The massive 14-story feat of Spanish Colonial Revival architecture can be seen 10 miles from town when traveling west on U.S. Route 180.
The fate of the landmark is intricately woven into the tapestry of the town.
The Baker looms large in nostalgia for Mineral Wells’ mid-century heyday, and residents dreamed someone would come to revive the structure. The revitalization of downtown Mineral Wells can’t wait on the restoration of the hotel, but at the same time, if it ever reopened, the hotel would never survive if Mineral Wells could not sustain a robust tourist economy.
About 12 years ago, Laird Fairchild and his financial adviser Chad Patton became the most recent and most successful investors to take on the behemoth task of restoring the 200,000-square-foot structure.
Fairchild co-founded Southlake-based Hunter Chase Development Partners, which specializes in new construction and rehabilitation of commercial properties. The Baker caught his eye during his trips to visit his father in Palo Pinto County.
“I kept hearing that: ‘You’re the best chance of this thing ever happening,’” Fairchild said. “Well that puts a lot of pressure. And then you get those naysayers who said, ‘You’re crazy.’ Well, that puts a lot of motivation.

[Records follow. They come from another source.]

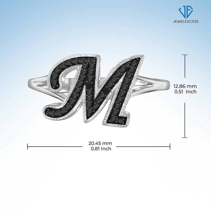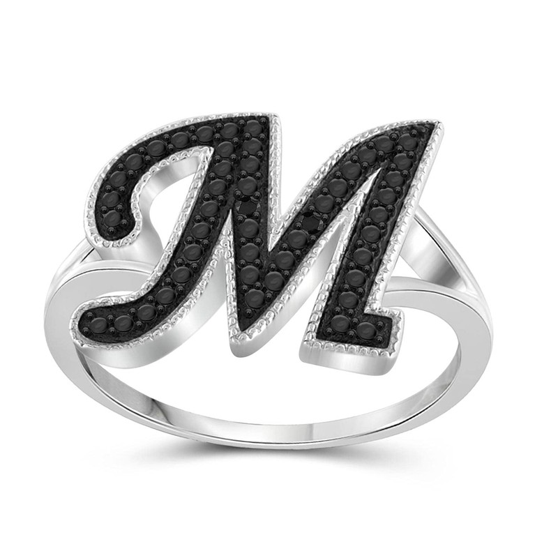 JEWELEXCESS Black Diamond Accent Sterling Silver A TO Z Initial Spell it Out Ring
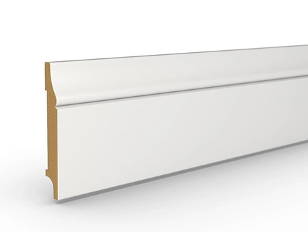 - Listwa przypodłogowa z MDF standard, lakierowana na biało, o wymiarach 80mm x 16mm x 2440mm, zabezpieczona przeciwwilgociowo, wykończona półmatowym lakierem 28 Gloss.
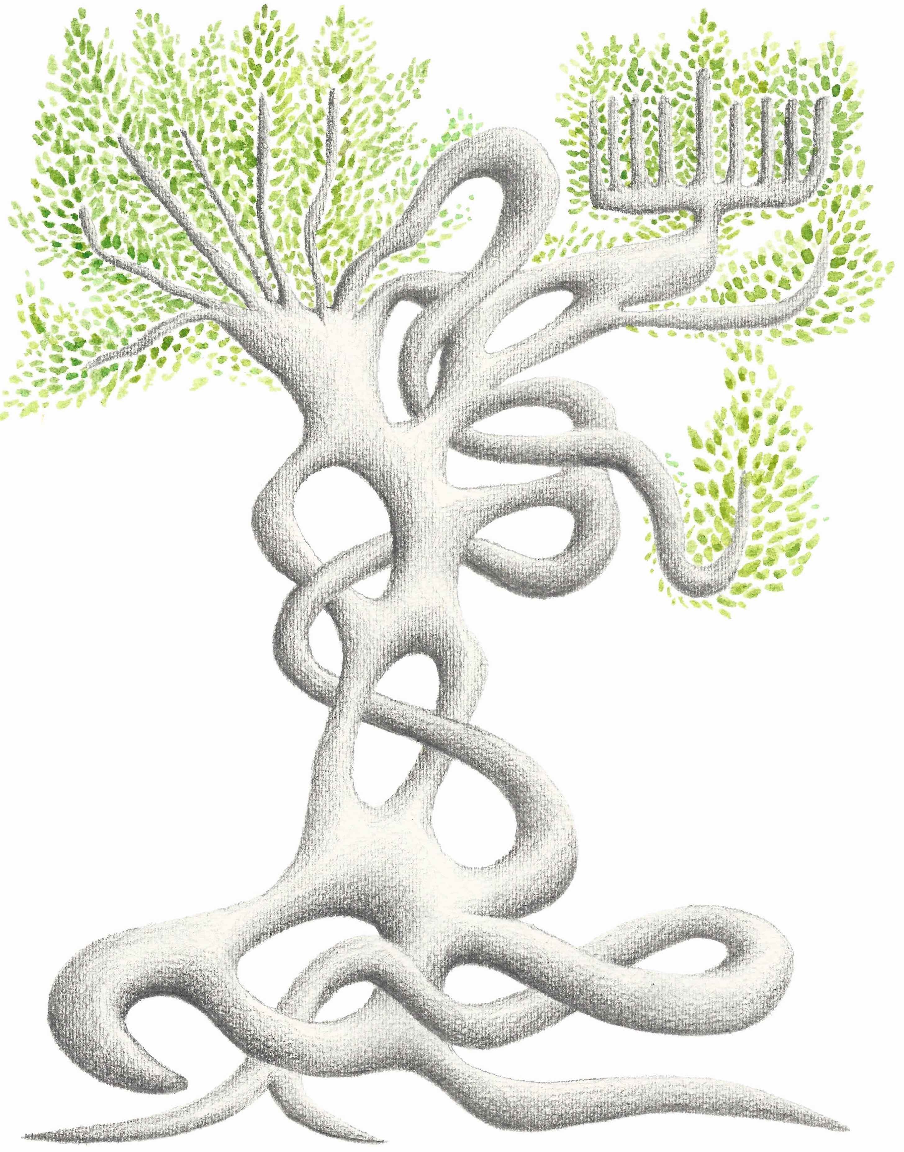 The drawing shows an intertwined olive tree with a menorah as one of the branches. The tree is interwoven to symbolize how our struggles for human rights, freedom, safety, and dignity are not something that we fight for alone, but we must be in solidarity with all people to achieve this. We are all interconnected in this world; people, animals, and plants. As Jews we must fight for equality and freedom for all people in Palestine, it is our moral duty. By replanting olive trees, we support this effort in a small but meaningful way to help Palestinian farmers to re-root in the land.

OK, you think I’m crazy?”
Residents may have thought Fairchild crazy, but that didn’t keep them from supporting his vision.

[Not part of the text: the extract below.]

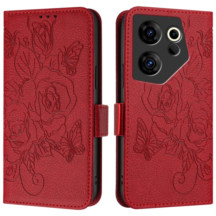 Estuche para Tecno Camon 20 Premier 5G de Cuero Antirrobo RFID con Relieve (Rojo)
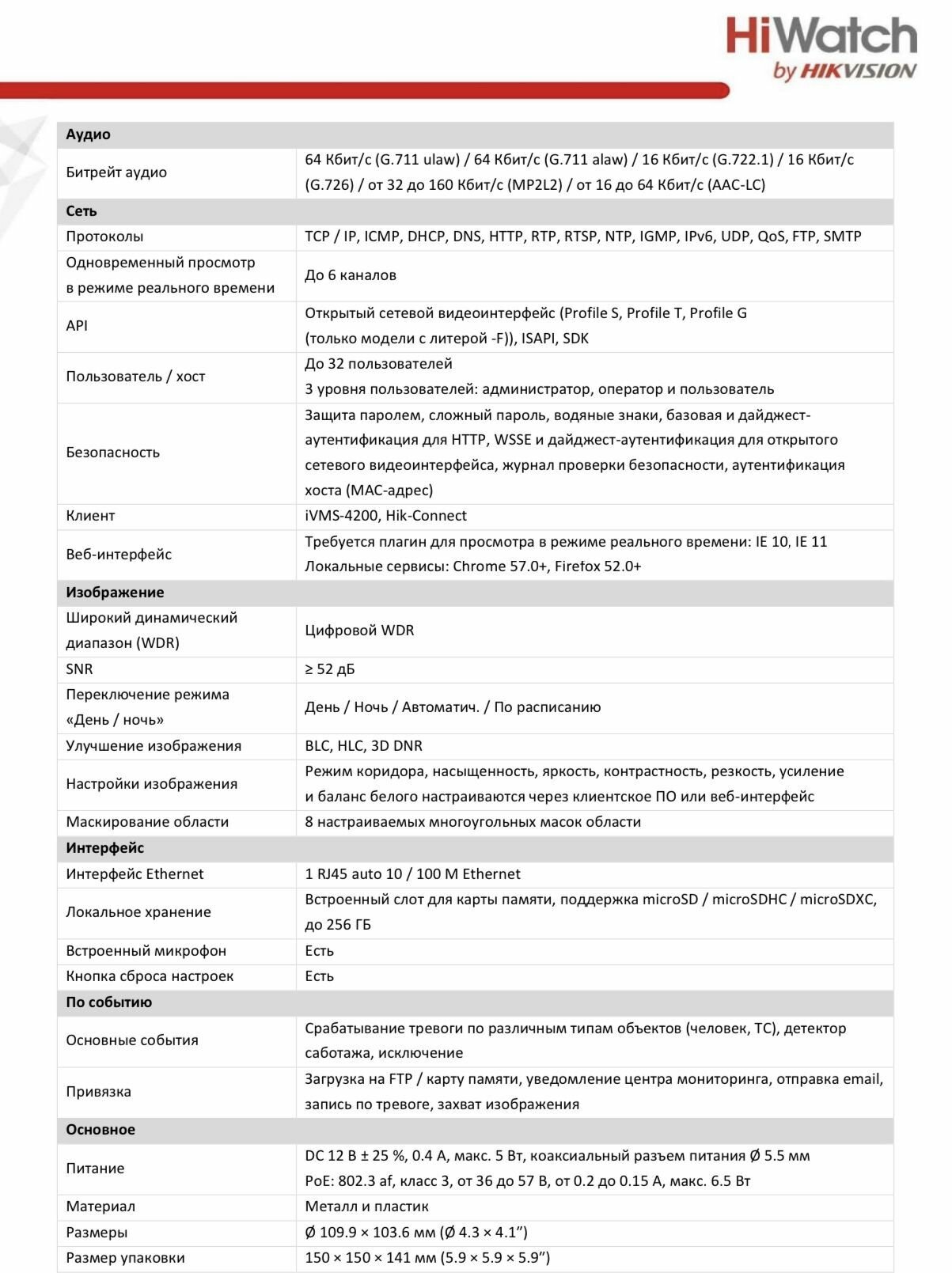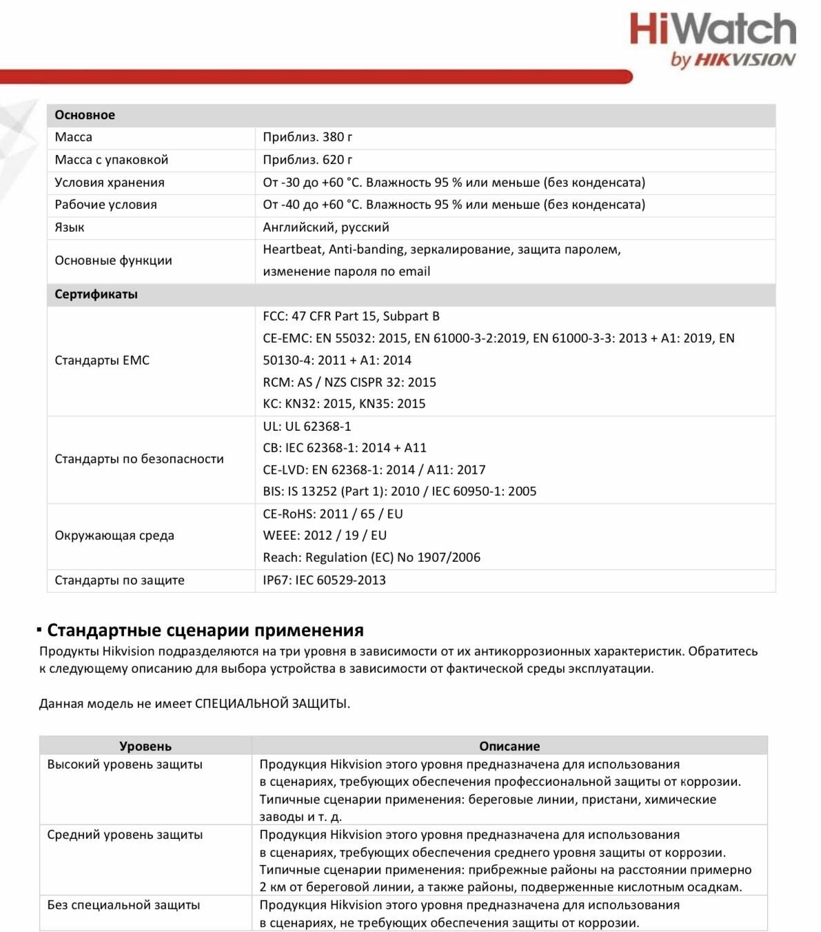 | Дополнительная информация | защита паролем, сложный пароль, шифрование HTTPS, фильтрация IP-адресов, журнал проверки безопасности, базовая и дайджест-аутентификация для HTTP/HTTPS, TLS 1.2, WSSE |

In 2014, voters overwhelmingly approved an eighth of a cent of sales tax for the restoration.
“I don’t think Mineral Wells has ever agreed on anything 97%,” joked Leavelle, who designed the “Vote for the Baker” campaign flyers.

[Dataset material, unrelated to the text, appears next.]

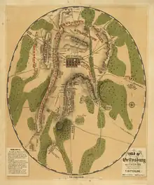 - Sans doute absorbé par les combats qu'il voit se dérouler en contrebas, Fremantle oublie de noter que Gettysburg est un carrefour de grand-routes : Baltimore est à 52 miles (84 km), Washington à seulement 90 miles (145 km) vers le sud-est, et New York à 266 miles (367 km) vers le nord-est) - et qu'un chantier de construction d'une voie de chemin de fer est-ouest est en cours. Il rapportera pourtant la forte résistance d'une unité nordiste dans la tranchée du chemin de fer, le 1er juillet
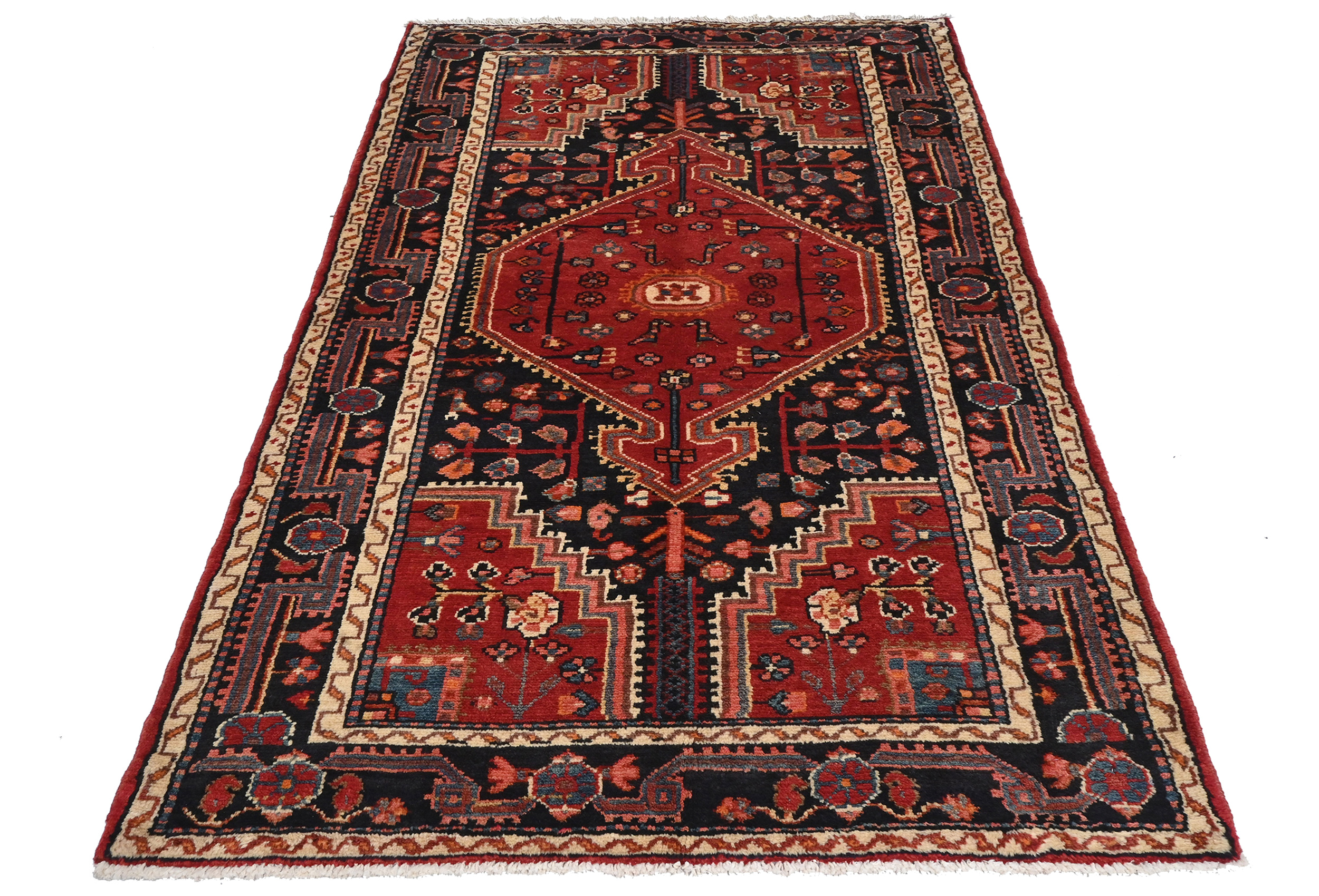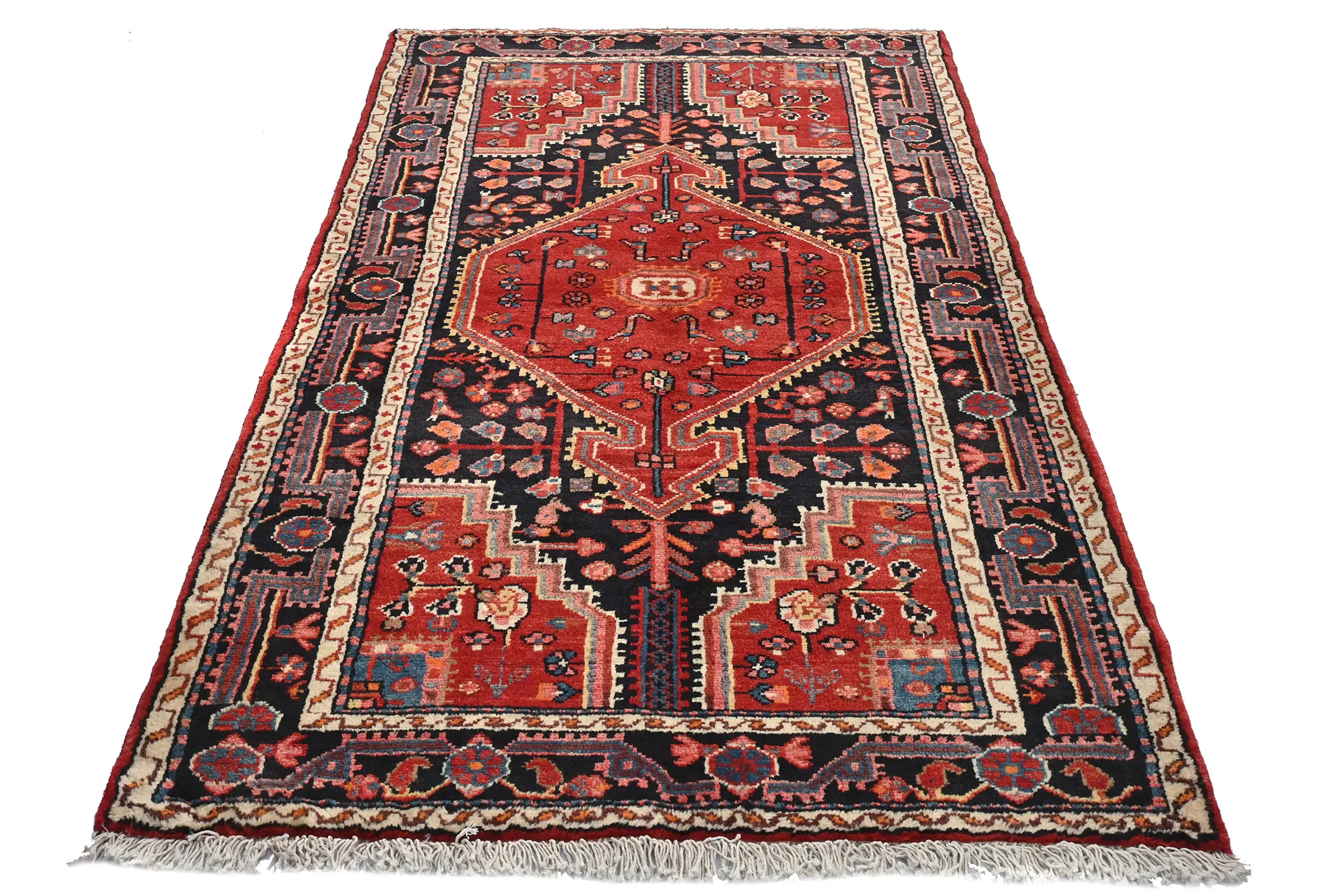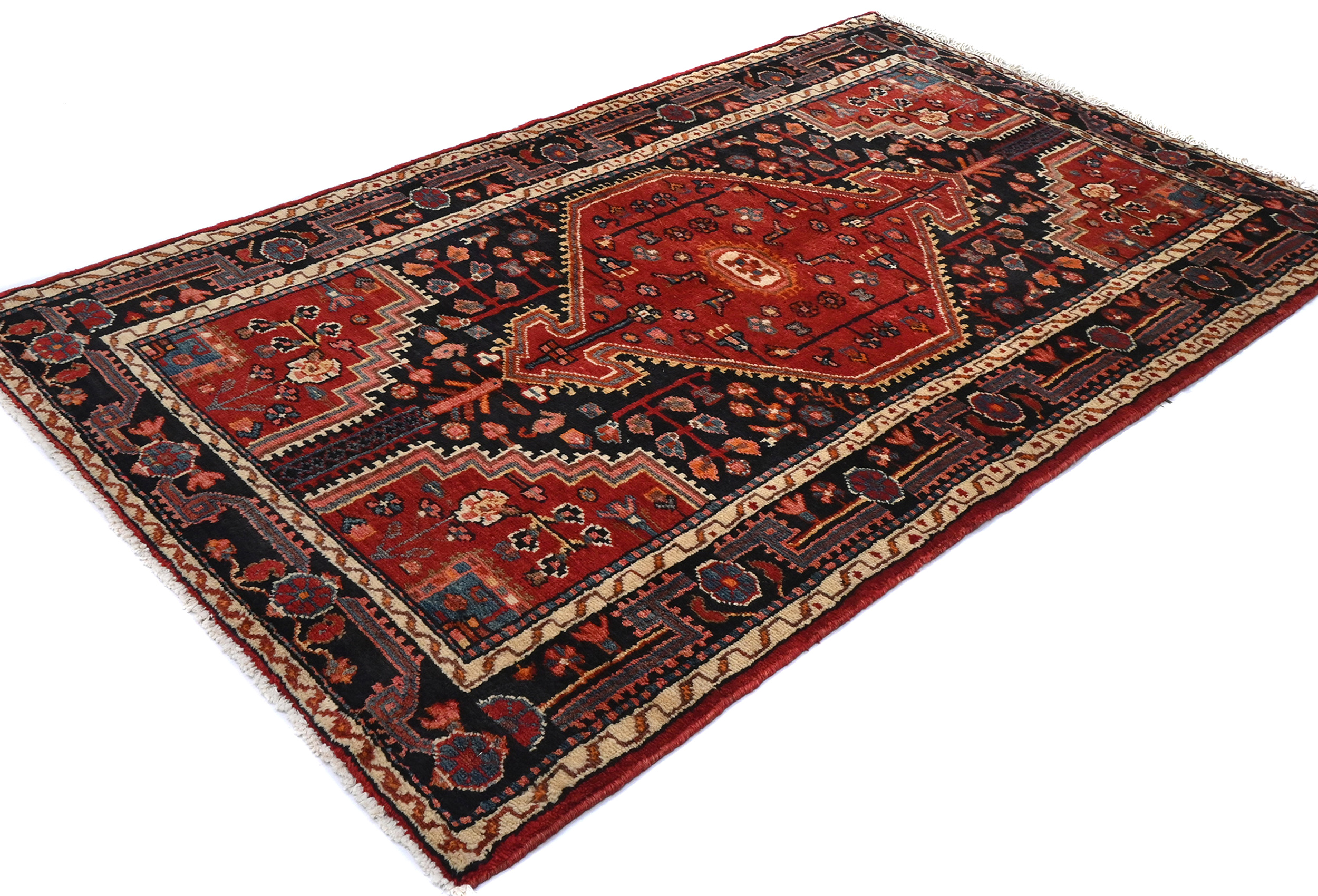 Handmade vintage 3'7X6 red Persian rug made with vegetable dyes (fine wool pile and cotton foundation), superior knot count, and alluring ancient designs. This Oriental rug never will go out of style and would be among your most valuable treasures.

“When the town got together on the vote for the Baker, I think that kind of solidified that there was a group of people really committed to making this,” she said. “I believe in my heart that made it more attractive to the investors, because they came and they saw that weren’t just hoping some rich person would come save our butts.”
The hotel will have 165 rooms, three ballrooms and an Olympic-size swimming pool.
“I think it’s a great American story to see a town like this reborn. That’s what’s happening, and it’s great to be a part of it,” Fairchild said.
And, for those who wonder if Mineral Wells is big enough for two famous hotels, rest assured that Nix and Fairchild have a mutually self-described “synergystic” vision when it comes to their projects.
In fact, the two hotels will share a hotelier, Jeffrey Trigger, founder and president of La Corsha Hospitality.
“Randy was a game-changer,” Fairchild said. “He helped get the community buy-in on the bigger vision. Not just the restoration of a 90-year-old building in the center of town, but it was his vision of a greater possibility for the entire area.”
Moving back
After graduating from Villanova University last year, Remy Fairchild joined her dad’s team at the Baker, where she manages the hotel’s thriving social media accounts.
This fall, she convinced the team that the Baker needs a Tik Tok account.
On the account with nearly 50,000 followers, Fairchild documents the restoration and answers questions from those following the project.
Against the tide of young people who’ve fled Mineral Wells, she recently purchased a fixer-upper in town.
“Every day it seems to be different,” she said. “I’ll come down and there’d be an old abandoned building with gift-wrapped presents on the windows, just people are starting to take those little steps and taking more pride … Every single day, there’s just a little something different. And just to be there every day and see it evolve is really special.”
Late last year, Diane Nix Kessler, president of DMK Properties, announced Mineral Wells’ first planned housing development, “The Wells,” which will bring 486 homes to the area.
Sustaining community excitement for things like housing and infrastructure seems banal in comparison to a project like the Baker restoration, but “housing has been such a need that it is sexy,” Johnson said.
In a down-on-its-luck town, getting community buy-in can be challenging when it has operated from a position of scarcity for decades.
The mayor reminds constituents, “We’re making the pie bigger, not fighting over slices of pie.” In this way, changing Mineral Wells is like “turning a cargo ship.”